══ Data for analysis

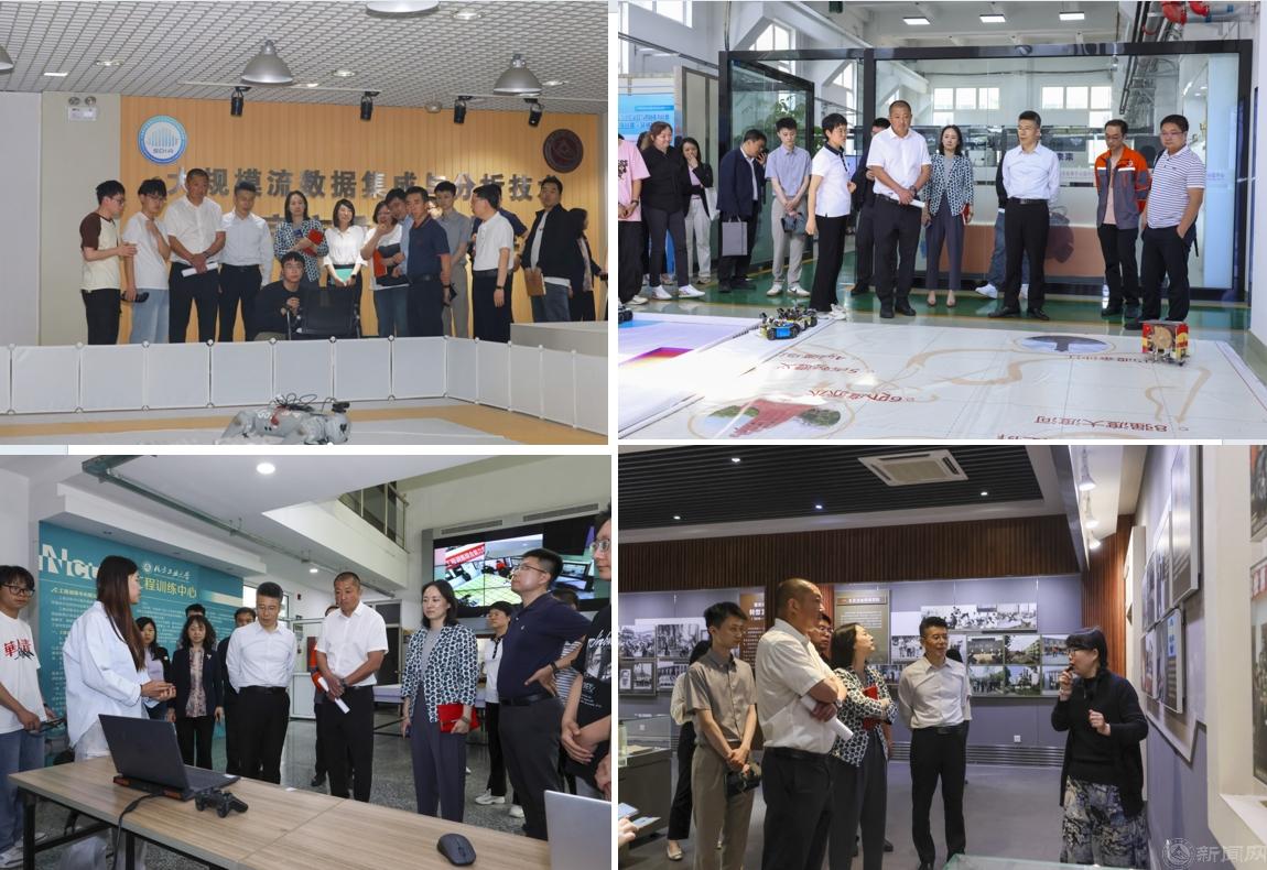 调研组首先参观了数字产业学院、智能交通创新实验室、车规级芯片封测校企合作创新创业就业示范基地、数据工程研究院、大规模流数据集成与分析技术北京市重点实验室、智能制造实验室、大学生科创大赛优秀作品展以及校史馆。
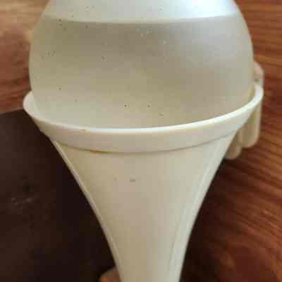 Slightly frosted, glass "light-bulb-shaped" container part of Fire Grenade Demo Kit; about three-quarters full of a clear liquid; sits in a funnel attached to the inside of the kit/boxCollection
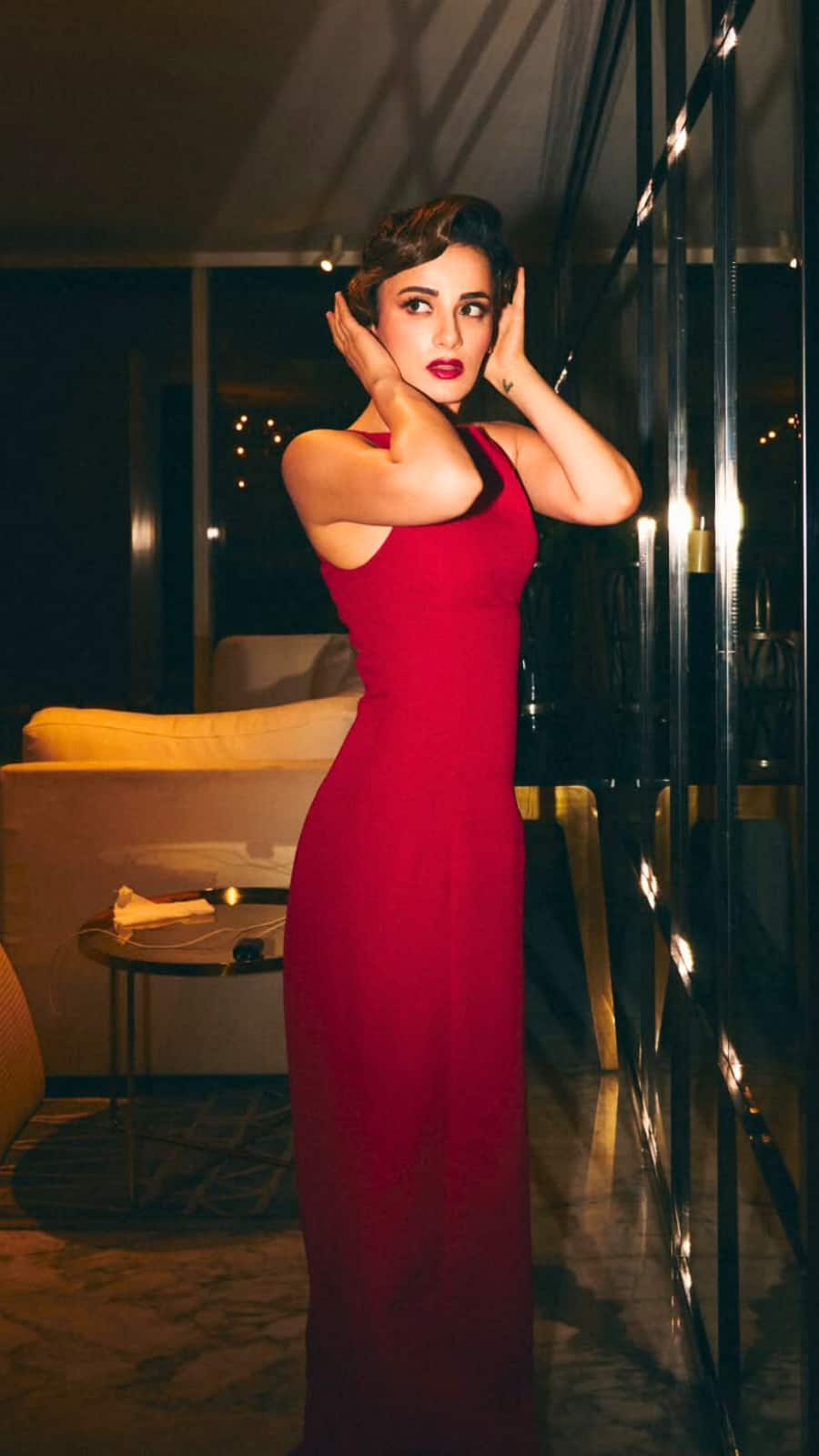 The actress stuns in a shimmering red dress worn over a white shirt and black tie
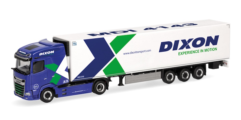 Der in Irland ansässige Transportriese Dixon ist mit seinen Fahrzeugen auch vermehrt auf dem Europäischen Festland unterwegs. Dieser DAF XG Kühlkoffer-Sattelzug ist bereits das dritte Modell des Spediteurs aus St. Margaret's. Das Modell ist limitiert.
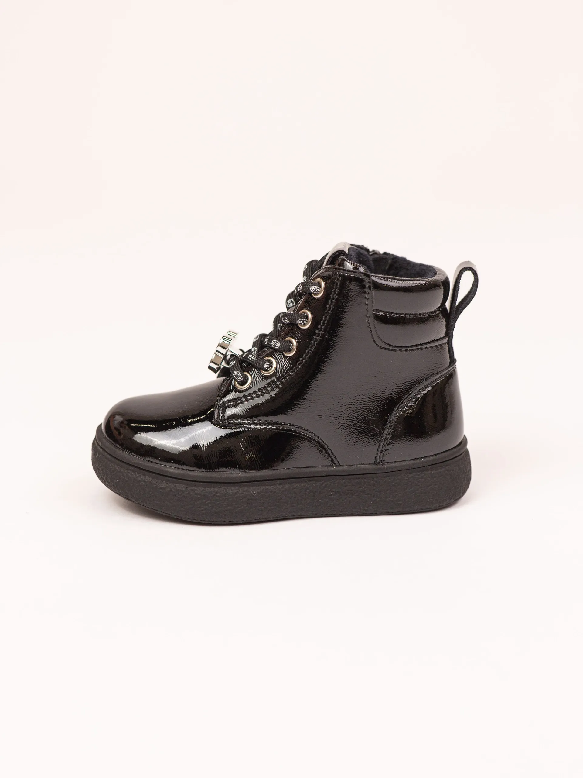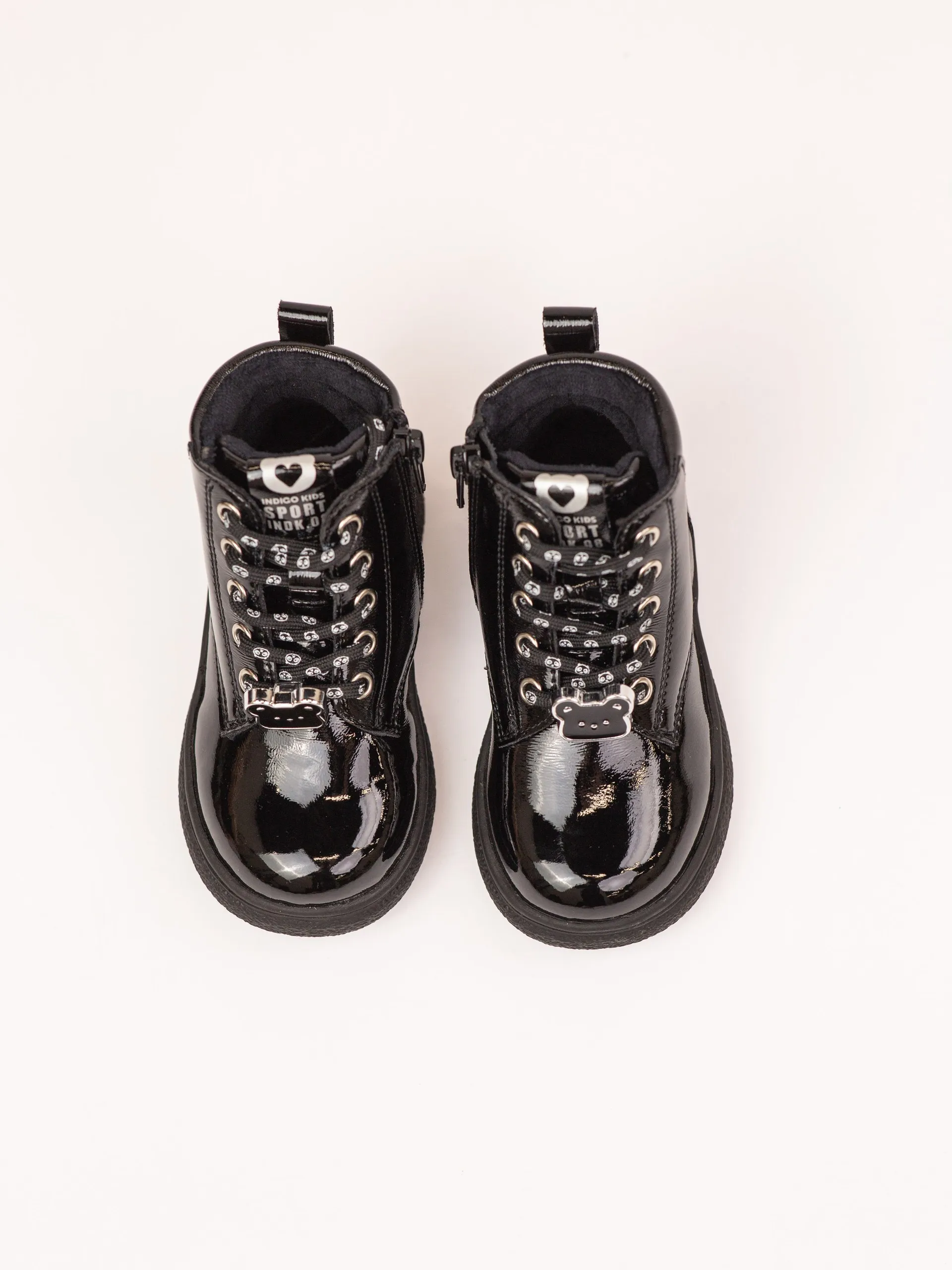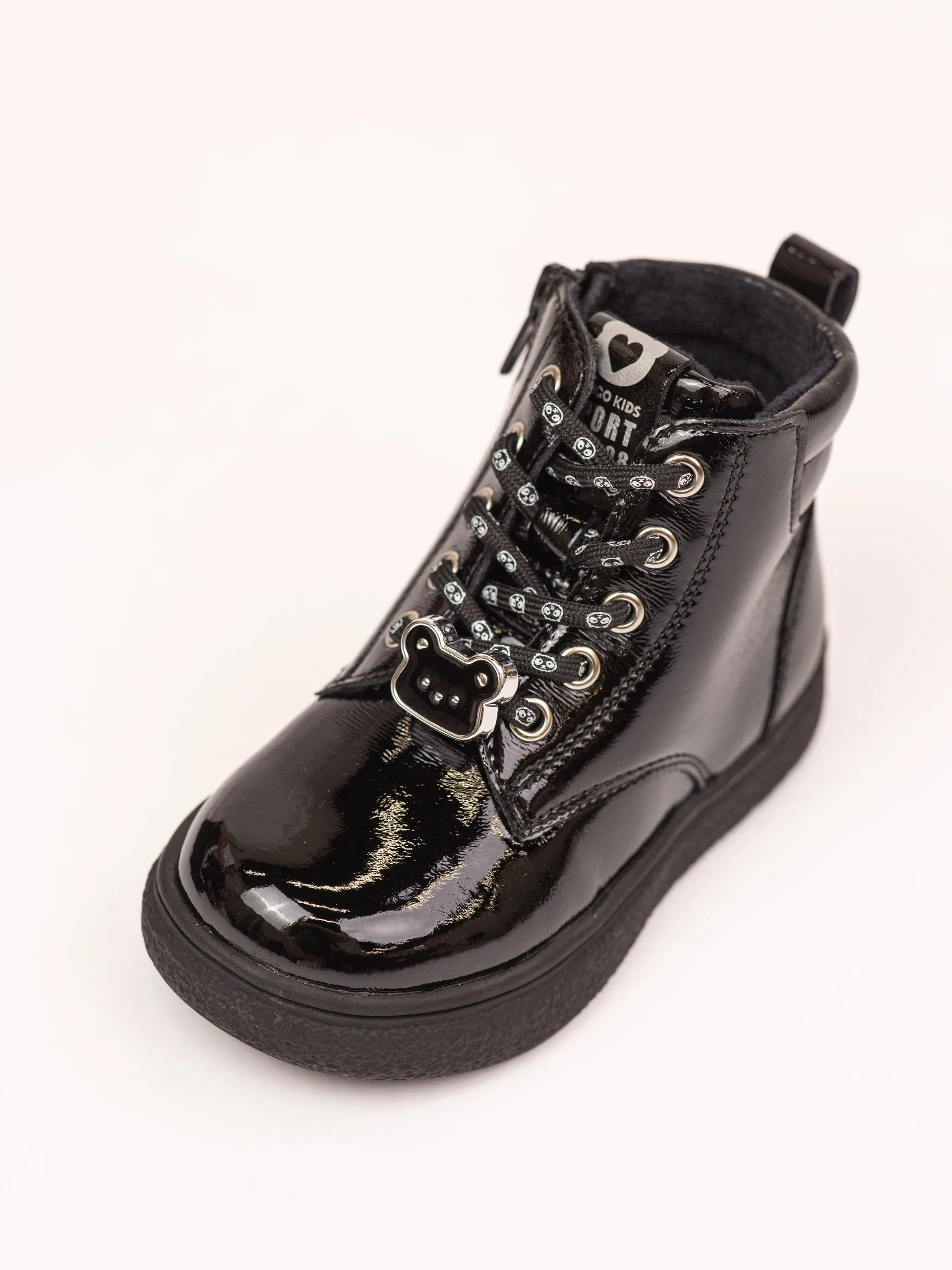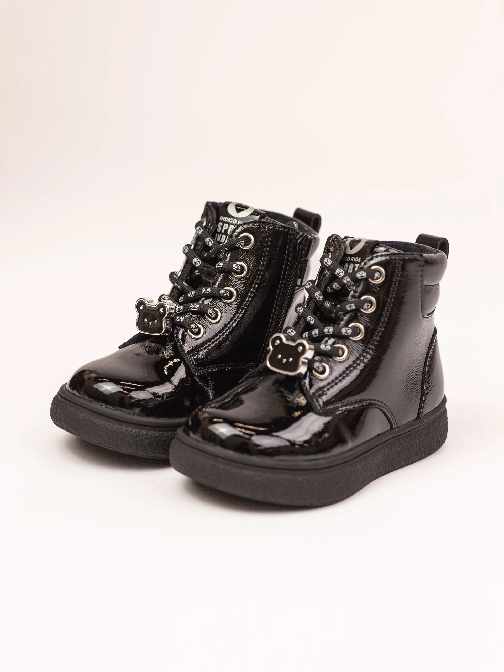 Ботинки INDIGO KIDS выполнены из натуральной лакированной кожи наплак, которая обеспечивает воздухопроницаемость и комфорт. Мягкий хлопковый подклад сохраняет тепло и сухость, а подошва SUPER FLEX из ТЭП прочная, гибкая, устойчивая к низким температурам и не скользит. Удобная колодка и ортопедическая стелька способствуют правильному формированию стопы. Для удобства ботинки оснащены боковой молнией и шнуровкой с декоративным элементом.
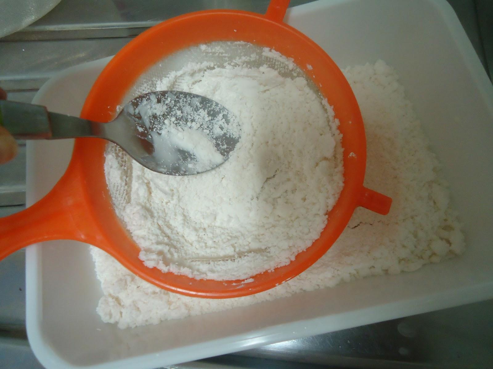 Para fazer os seus biscoitos de gengibre, comece por peneirar todos os ingredientes secos à excepção do açúcar, ou seja, a farinha, o gengibre, o achocolatado, o bicarbonato, o cravo e a canela. Misture tudo bem e reserve.
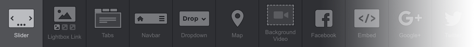 Quickly drag in complex elements like sliders, tabs, background videos and more to build your website layouts faster.

════

> **Work request**
Every record above must be copied exactly; none of the pictures belong in the copy.

> **Exercise response**
 调研组首先参观了数字产业学院、智能交通创新实验室、车规级芯片封测校企合作创新创业就业示范基地、数据工程研究院、大规模流数据集成与分析技术北京市重点实验室、智能制造实验室、大学生科创大赛优秀作品展以及校史馆。
 Slightly frosted, glass "light-bulb-shaped" container part of Fire Grenade Demo Kit; about three-quarters full of a clear liquid; sits in a funnel attached to the inside of the kit/boxCollection
 The actress stuns in a shimmering red dress worn over a white shirt and black tie
 Der in Irland ansässige Transportriese Dixon ist mit seinen Fahrzeugen auch vermehrt auf dem Europäischen Festland unterwegs. Dieser DAF XG Kühlkoffer-Sattelzug ist bereits das dritte Modell des Spediteurs aus St. Margaret's. Das Modell ist limitiert.
 Ботинки INDIGO KIDS выполнены из натуральной лакированной кожи наплак, которая обеспечивает воздухопроницаемость и комфорт. Мягкий хлопковый подклад сохраняет тепло и сухость, а подошва SUPER FLEX из ТЭП прочная, гибкая, устойчивая к низким температурам и не скользит. Удобная колодка и ортопедическая стелька способствуют правильному формированию стопы. Для удобства ботинки оснащены боковой молнией и шнуровкой с декоративным элементом.
 Para fazer os seus biscoitos de gengibre, comece por peneirar todos os ingredientes secos à excepção do açúcar, ou seja, a farinha, o gengibre, o achocolatado, o bicarbonato, o cravo e a canela. Misture tudo bem e reserve.
 Quickly drag in complex elements like sliders, tabs, background videos and more to build your website layouts faster.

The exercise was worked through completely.